WORK TASK » This task calls for copying every line of the records that includes the word "Butte".

LISTED RECORDS »
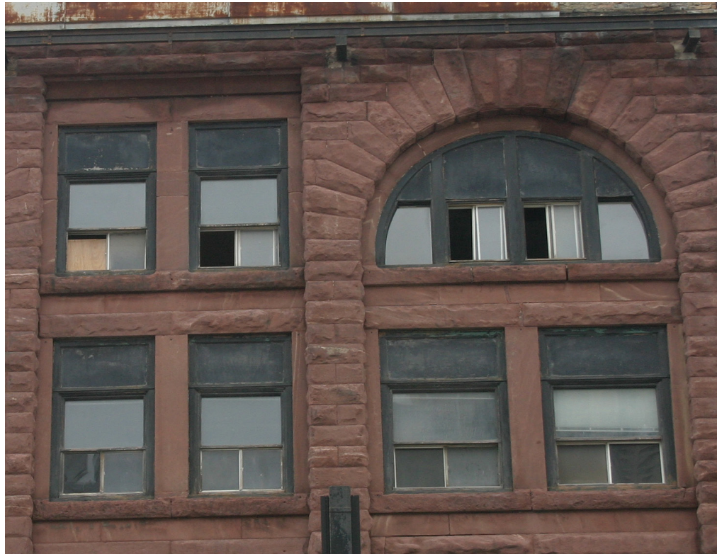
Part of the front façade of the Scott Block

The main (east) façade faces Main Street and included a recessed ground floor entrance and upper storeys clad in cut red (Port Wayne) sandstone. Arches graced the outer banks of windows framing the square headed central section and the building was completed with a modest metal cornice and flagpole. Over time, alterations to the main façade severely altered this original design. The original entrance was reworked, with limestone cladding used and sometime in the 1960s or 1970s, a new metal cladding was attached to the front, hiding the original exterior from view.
--
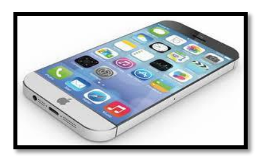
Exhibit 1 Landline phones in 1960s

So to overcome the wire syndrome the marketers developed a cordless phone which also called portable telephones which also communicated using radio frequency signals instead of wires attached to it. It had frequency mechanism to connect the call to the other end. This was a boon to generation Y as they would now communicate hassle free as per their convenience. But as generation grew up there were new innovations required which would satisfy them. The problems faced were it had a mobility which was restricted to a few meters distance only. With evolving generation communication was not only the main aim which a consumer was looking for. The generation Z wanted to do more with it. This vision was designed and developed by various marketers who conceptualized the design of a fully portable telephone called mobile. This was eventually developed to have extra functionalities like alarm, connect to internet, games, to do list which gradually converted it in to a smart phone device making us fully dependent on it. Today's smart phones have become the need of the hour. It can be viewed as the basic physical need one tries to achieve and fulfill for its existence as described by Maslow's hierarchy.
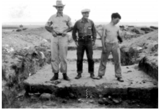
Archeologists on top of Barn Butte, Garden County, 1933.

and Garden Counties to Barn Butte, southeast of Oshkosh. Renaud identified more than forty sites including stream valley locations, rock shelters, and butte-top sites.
--
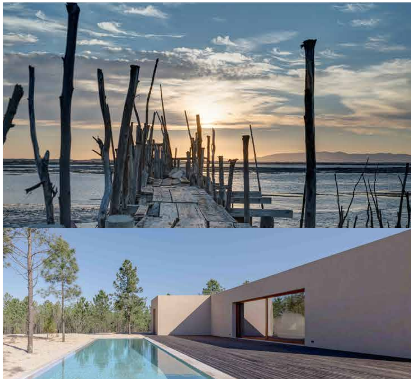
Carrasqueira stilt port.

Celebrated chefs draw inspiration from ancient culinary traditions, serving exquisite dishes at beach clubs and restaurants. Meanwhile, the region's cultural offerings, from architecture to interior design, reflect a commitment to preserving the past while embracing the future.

FINISHED EXERCISE »
Archeologists on top of Barn Butte, Garden County, 1933.
and Garden Counties to Barn Butte, southeast of Oshkosh. Renaud identified more than forty sites including stream valley locations, rock shelters, and butte-top sites.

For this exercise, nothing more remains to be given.